The accompanying notes form an integral part of these condensed consolidated interim financial statements.

NOTES TO THE FINANCIAL INFORMATION

For the three months ended 30 April 2019

1. Basis of Accounting

The unaudited condensed consolidated interim financial statements of Summit Therapeutics plc ('Summit') and its subsidiaries (together, the ‘Group’) for the three months ended 30 April 2019 have been prepared in accordance with International Financial Reporting Standards ('IFRS') and International Financial Reporting Interpretations Committee (‘IFRIC’) interpretations as issued by the International Accounting Standards Board and with those parts of the Companies Act 2006 applicable to companies reporting under IFRS including those applicable to accounting periods ending 31 January 2020 and the accounting policies set out in Summit’s consolidated financial statements. There have been no changes to the accounting policies as contained in the annual consolidated financial statements as of and for the year ended 31 January 2019 other than as described below. These condensed consolidated interim financial statements do not include all information required for full statutory accounts within the meaning of section 434 of Companies Act 2006 and should be read in conjunction with the consolidated financial statements of the Group as at 31 January 2019 (the ‘2019 Accounts’). The 2019 Accounts, on which the Company’s auditors delivered an unqualified audit report, are available on the Group's website at www.summitplc.com and will be delivered to the Registrar of Companies following the 2019 Annual General Meeting. The auditor’s report did not contain any statement under section 498 of the Companies Act 2006 but did contain a statement from the auditors drawing the shareholders’ attention to the Group’s need to raise additional capital as noted below.
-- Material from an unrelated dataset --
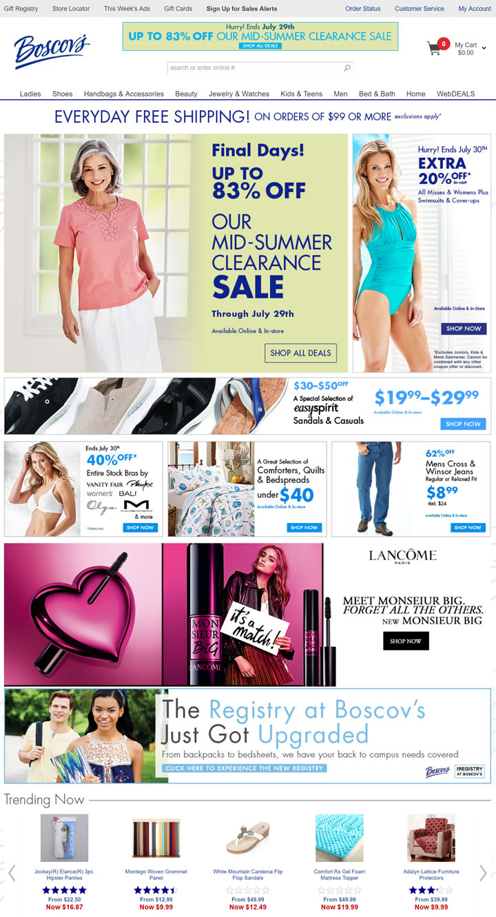 Boscov’s是美國一家知名的家庭連鎖百貨商店。它致力于為消費者帶來一系列知名品牌的商品,為來自全球的消費者打造方便、快捷的購物體驗。它銷售的產品主要包括:女士服裝、鞋履、包包、美妝、珠寶首飾、玩具、兒童服裝及男士服裝等。Boscov’s Department Stores銷售的產品中有眾多知名品牌,比如:Adidas、Calvin Klein、Clinique、Levi’s、Lenox等。

Whilst the financial information included in this announcement has been prepared in accordance with IFRS and IFRIC interpretations as issued by the International Accounting Standards Board and with those parts of the Companies Act 2006 applicable to companies reporting under IFRS, this announcement does not itself contain sufficient information to comply with IFRSs.

The interim financial statements have been prepared assuming the Group will continue on a going concern basis. Based on management's forecasts, the Group's existing cash and cash equivalents, anticipated payments from BARDA under its contract for the development of ridinilazole and anticipated payments from CARB-X under its contract for the development of its gonorrhoea antibiotic candidate are expected to be sufficient to enable the Group to fund its operating expenses and capital expenditure requirements through 31 January 2020. The Group will need to raise additional funding in order to support, beyond this date, its planned research and development efforts, potential commercialisation related activities, if any of its product candidates receive marketing approval, as well as to support activities associated with operating as a public company in the United States and the United Kingdom. Should the Group be unable to raise additional funding, management has the ability to take mitigating action to fund its operating expenses and capital expenditure requirements in relation to its clinical development activities for only a short period beyond 12 months from the date of issuance of these financial statements. These circumstances represent a material uncertainty which may cast and raise significant doubt on the Group’s ability to continue as a going concern. The interim financial statements do not contain any adjustments that might result if the Group was unable to continue as a going concern.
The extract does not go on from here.